Pritzker, who later acknowledged “some management faults” were to blame and said that as governor, “I understand that these agencies are my responsibility,” maintained that he held staff accountable, including firing LaSalle director Angela Mehlbrech in December 2020.

However, he said that to the extent that IDPH is at fault for not providing more assistance, the agency controlled the entire state response during the pandemic's worst surge and was dealing with hot spots in every direction. But at no time during the fall of 2020 or at any time during the pandemic did Pritzker or his team suggest IDPH couldn't keep up.

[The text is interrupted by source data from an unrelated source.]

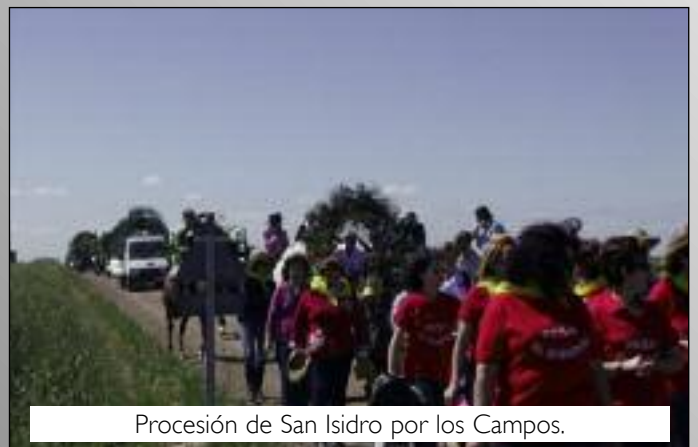
Procesión de San Isidro por los Campos.
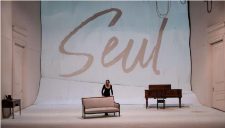
Il 'Werther' di Jules Massenet
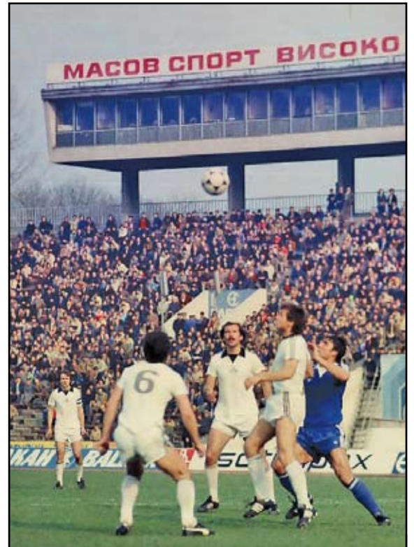
Най-старото родно дерби има вече почти вековна история. Десетилетия наред двубоят между "бели" и "сини" определя дневния ред в българския футбол. Макар и избледнял в последните години сблъсъкът между "Славия" и "Левски" има своето очарование и днес.

Основните акценти за най-старото дерби през годините на стр. 8-9
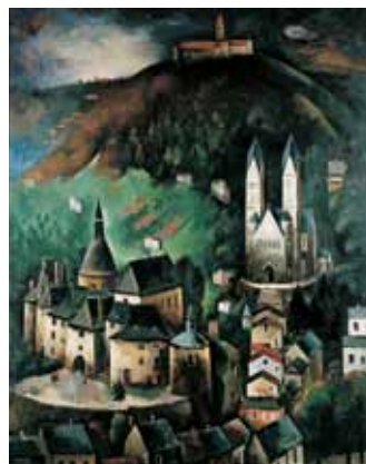
Joseph KUTTER (1894-1941): Clervaux, 1936-37

Für weitere Informationen, besuchen Sie die Internetseite www.mnha.lu
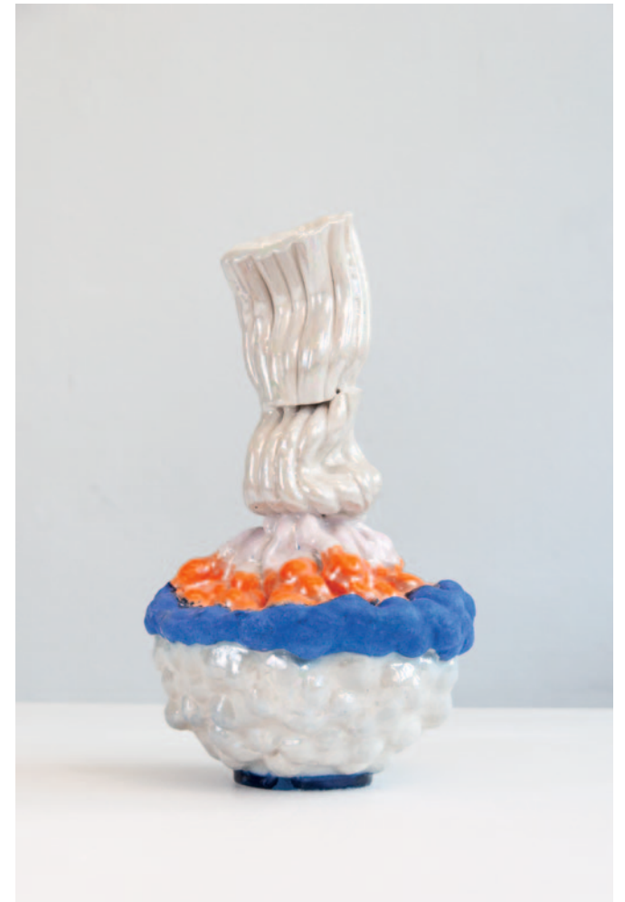
rivers Keramik / Glasur / Lüster 42 x 23 x 22 cm / 2024
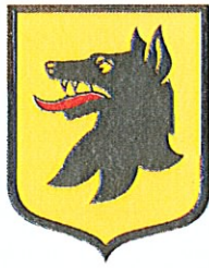
Commune de Corbeyrier
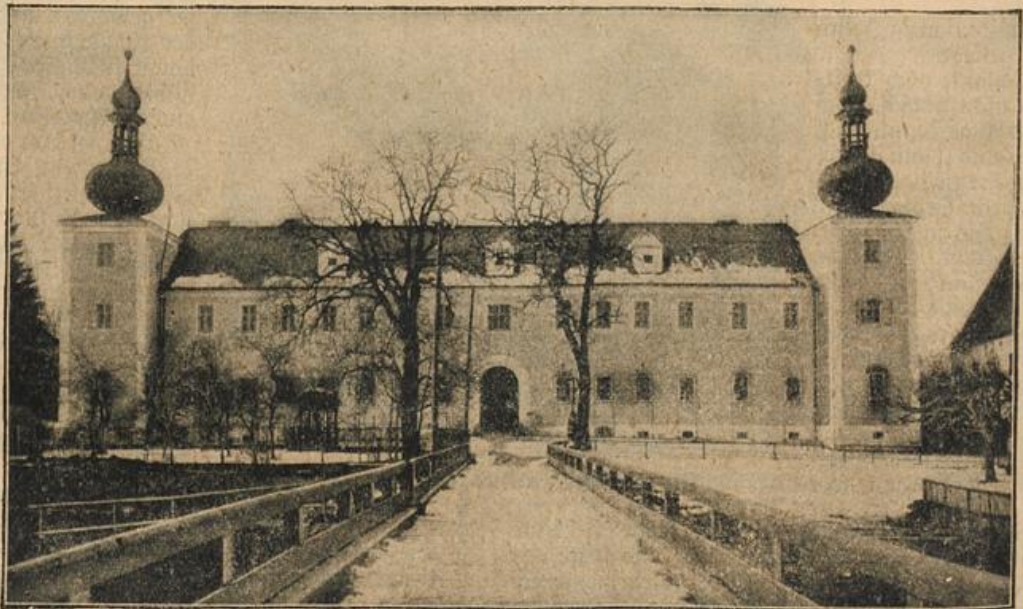
Das Schloß Johann Orths bei Gmunden als Erholungsheim für Förstler. (Mit Text.)

Selmann hielt die Hand an die Stirne, als müsse er sich denken. „Kurt Wellano,“ wiederholte er halblaut, in welcher ruft mich dieser Name! Er ist mir bekannt, ja in lieber Erinnerung ein Schulfreund, ha natürlich, der gute Wellano, wohl viele Jahre liegen zurück, seit wir mit einander die Schulbank geteilt O damals!“ Wieder seufzte er tief. „Laß ihn eintreten, und mache Licht“, befahl er, innerlich in freudiger Erwartung endlich einen Menschen ins Haus zu bekommen, mit dem er sich ach so viel reden konnte.
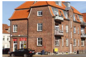
I Hjallesøvej 10 i Odense er der to ledige lejligheder.
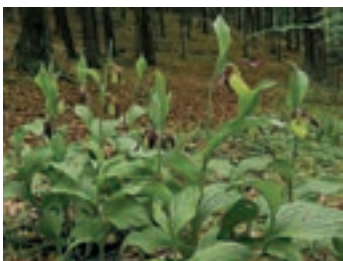
Abb. 3: Frauenschuh

Höhe ein ca. 5,6 ha großes Areal, welches seit vielen Jahren unter Schutz steht. Den geologischen Untergrund bilden Kalkgesteine. Das Gebiet umfasst Mischwälder mit hohem Buchenanteil, Hecken, Wiesen und Halbtrockenrasen mit einer sehr artenreichen Vegetation, die viele seltene Spezies enthält, welche besondere ökologische Bedingungen erfordern. Zu ihnen gehören u.a. viele Orchideenarten, von denen wir allein neun in Vollblüte oder Knospenstadium beobachten konnten. Dazu gehören z.B. die Grüne Hohlzunge, das Brandknabenkraut, das Stattliche Knabenkraut, die Korallenwurz und der nicht zu übersehende Frauenschuh, welcher die größten Blüten unter unseren einheimischen Orchideenarten hervorbringt. Aber auch andere interessante Arten blühen dort, wie Akelei, Großes Windröschen, Sonnenröschen, Salomonssiegel, Wiesenknopf, Einbeere, Diptam und viele andere
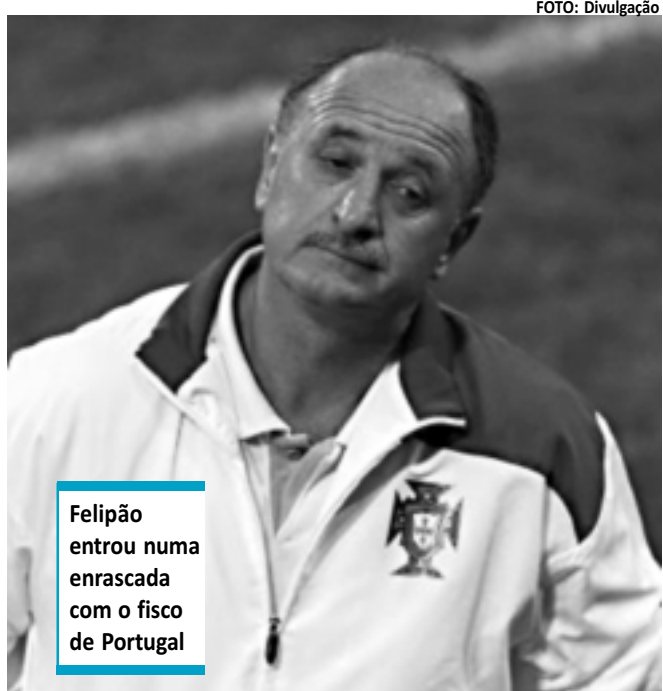
Felipão entrou numa enrascada com o fisco de Portugal

No Palmeiras, Felipão tem salários estimados em R$ 700 mil mensais, livres de impostos, e só acertou sua contratação, em 2010, porque o contrato previa que o clube ficaria responsável por isso, depois de ter problemas com a Receita Federal em sua passagem anterior.
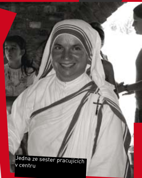
Jedna ze sester pracujících v centru

Náš den se skládal ze dvou částí – ráno jsme před sídlem charity nasedli do přistaveného autobusu a vyrazili za Tiranu do rozestavěného skautského centra, které obklopovala veliká zahrada. Po cestě jsme udělali několik zastávek, na kterých přistupovaly další a další děti, zpívaly se písničky, říkaly říkanky a k centru už autobus přijížděl narvaný k prasknutí. S dětmi jsme potom během dopoledne hráli scénky. Ze starých látek a zbytků oděvů, které se v centru daly najít, jsme si dokázali vyrobit i velmi zajímavé kostýmy. A scénky pak stály za to. Dále se děti mohly za naší asistence věnovat tanci, sportovním či stolním hrám, skládání puzzle, modelování, navlékání korálků apod. Některé ze sester mluvily anglicky a zprostředkovaly tak komunikaci mezi námi a dětmi, protože děti anglicky nemluvily. Před polednem program skončil. Následovalo drobné občerstvení a rozvoz zpět v opačném směru.
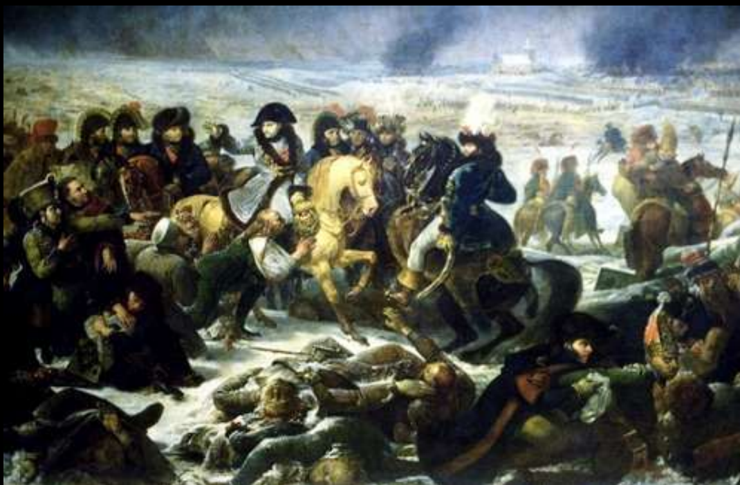
Campanha da Rússia - 1812
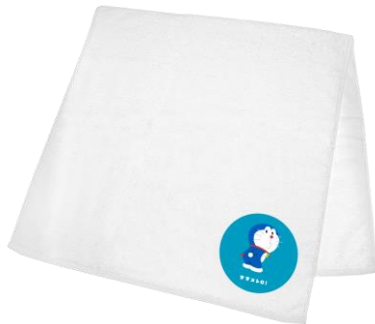
オリジナルバスタオル（イメージ）
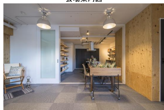
リノベーションマンション モデルルーム
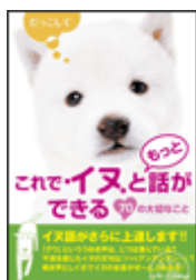
『これでイヌともしっかり話ができる: 70の大切なこと』 イヌマニア・琳 アース・スターエンターテイメント 645.6||I59
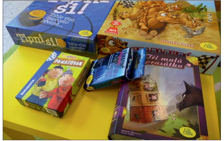
K novým přírůstkům v knihovně patří také společenské hry.

Jste dlouhodobě nemocní nebo se ze zdravotních důvodů nemůžete dostat do knihovny? Čtení se vzdávat nemusíte. Lutínská knihovna Vám nabízí donášku knih. Tato služba má několik pravidel:
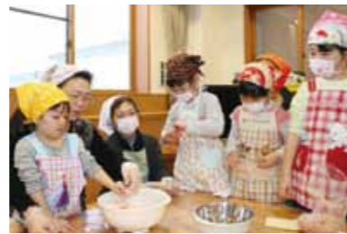
仙北市産の越冬野菜をたっぷりひき肉に混ぜてハンバーグを作る園児たち。このあとじっくり焼いて雪下キャベツとパンにはさんで祖父母と一緒に美味しく食べました。

2月19日、ひのきない保育園で仙北市産の大根、人参、キャベツなど越冬野菜を使ったハンバーガー作りが行われました。これは同園の祖父母参観日に合わせ、角館調理師会の皆さんの協力をいただき、初めて行われたものです。園児たち48人は手洗い指導を受けたあと、早速ハンバーガー作りに挑戦。参観に訪れた祖父母と一緒にハンバーガーのタネをこねながら楽し
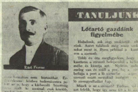
KAZI FERENC CIKKE ÉS FÉNYKÉPE A MAGYAR FÖLDEN

Az unoka arról is tud, hogy nagyapja burokban született, és a burok egy darabját talizmánként, zacskóba varrva a nyakában hordta. Ott volt Przemysl védői között, megsebesült és fogságba esett. A talizmán védő hatásában többé nem bízott, el is dobta, de a zacskót megtartotta. Az Uralban bányában dolgozott, onnan egy darab rezet ebben a zacskóban hozott haza. Elbeszéléseiben sokszor említette Murmán -t. Hegedült, citerázott, verset is írt, és visszaemlékezésésként vetette papírosra a fogságban eltöltött éveket.
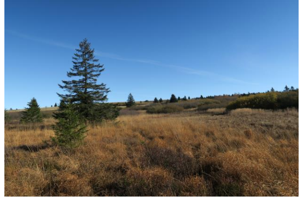
La tourbière du Champ du Feu. Automne 2015
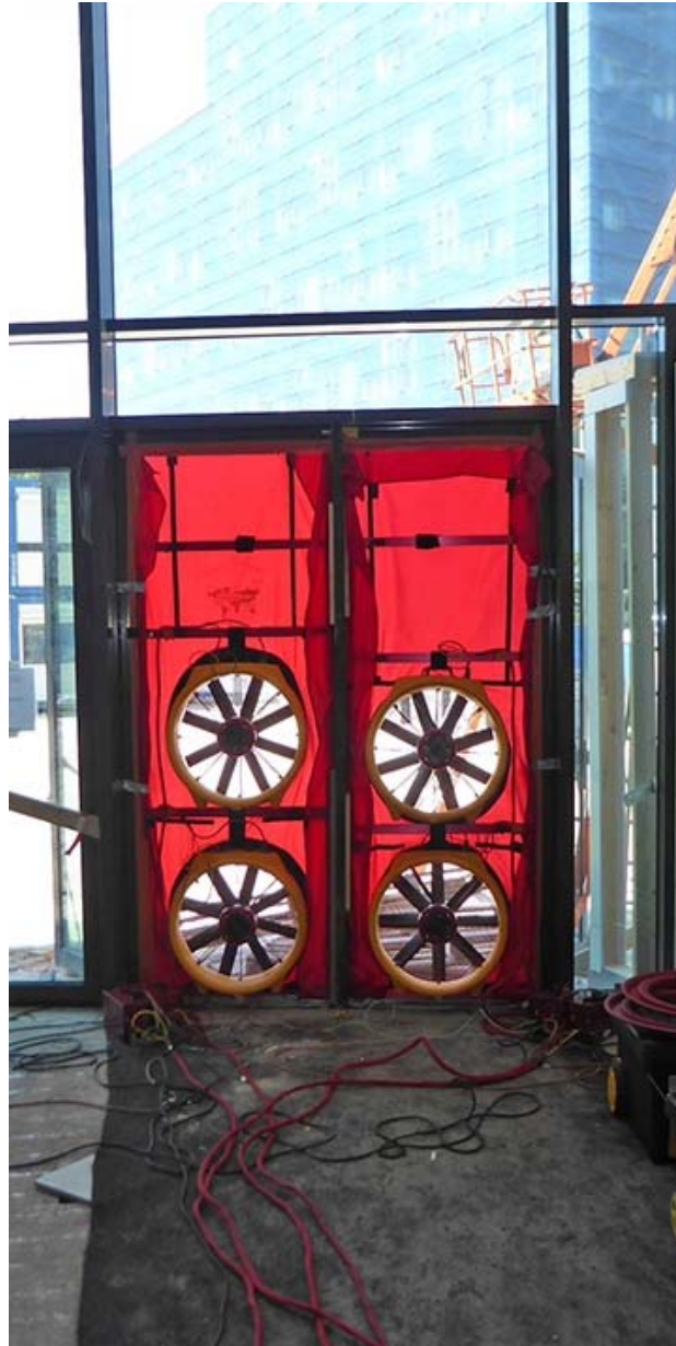
Blowerdoormeting na het wind- en waterdicht maken van het gebouw

Met visuele inspecties, vaak steekproefsgewijs, kan worden nagegaan of de dichtingen conform bestek, tekeningen en de lessen uit de testen zijn aangebracht. Niet zelden worden de details anders uitgevoerd dan vooraf bedacht, soms met verstrekkende gevolgen.

IDPH couldn't have been caught off-guard despite the precipitous statewide surge. The audit reports that the Pritzker administration was monitoring COVID-19 in 710 long-term care facilities across Illinois. The first week of November, 2020, only four of them reported more than 50 new cases and LaSalle was the only facility with more than 100.

That was a red flag that should have generated an alert and immediate administration response, Mautino said in an interview.

Rep. Lance Yednock, an Ottawa Democrat who led the House call for Mautino's audit, lamented a breakdown in inter-agency coordination which “very likely led to more sickness and deaths." However, he acknowledged that “the terrifying speed of infection” might have rendered the best preparation inadequate.

Mautino's auditors found that last year's inspector general's report had wrongly tainted Anthony Kolbeck, then chief of staff for Veterans' Affairs. Instead of tracking the outbreak, Mautino reviewed scores of emails and determined that Kolbeck reported to IDPH regularly on the situation from its inception. When IDPH didn't act, the audit said Kolbeck requested the agency make a site visit and sought information on rapid tests and antibody treatments.

Kolbeck nonetheless resigned in the weeks following the outbreak's fallout. So did then-Veterans Affairs Director Linda Chapa LaVia, whom Pritzker replaced in spring 2021 with Terry Prince, a 31-year Navy veteran and former senior adviser to the U.S. Surgeon General.

Steve Levin, a Chicago attorney representing 27 families who filed a lawsuit against the state for the loss of loved ones at LaSalle, said the audit's finding of “extreme negligence is another painful reminder to the families that this was a preventable tragedy.” He demanded Pritzker negotiate a settlement to avoid a lengthy court battle.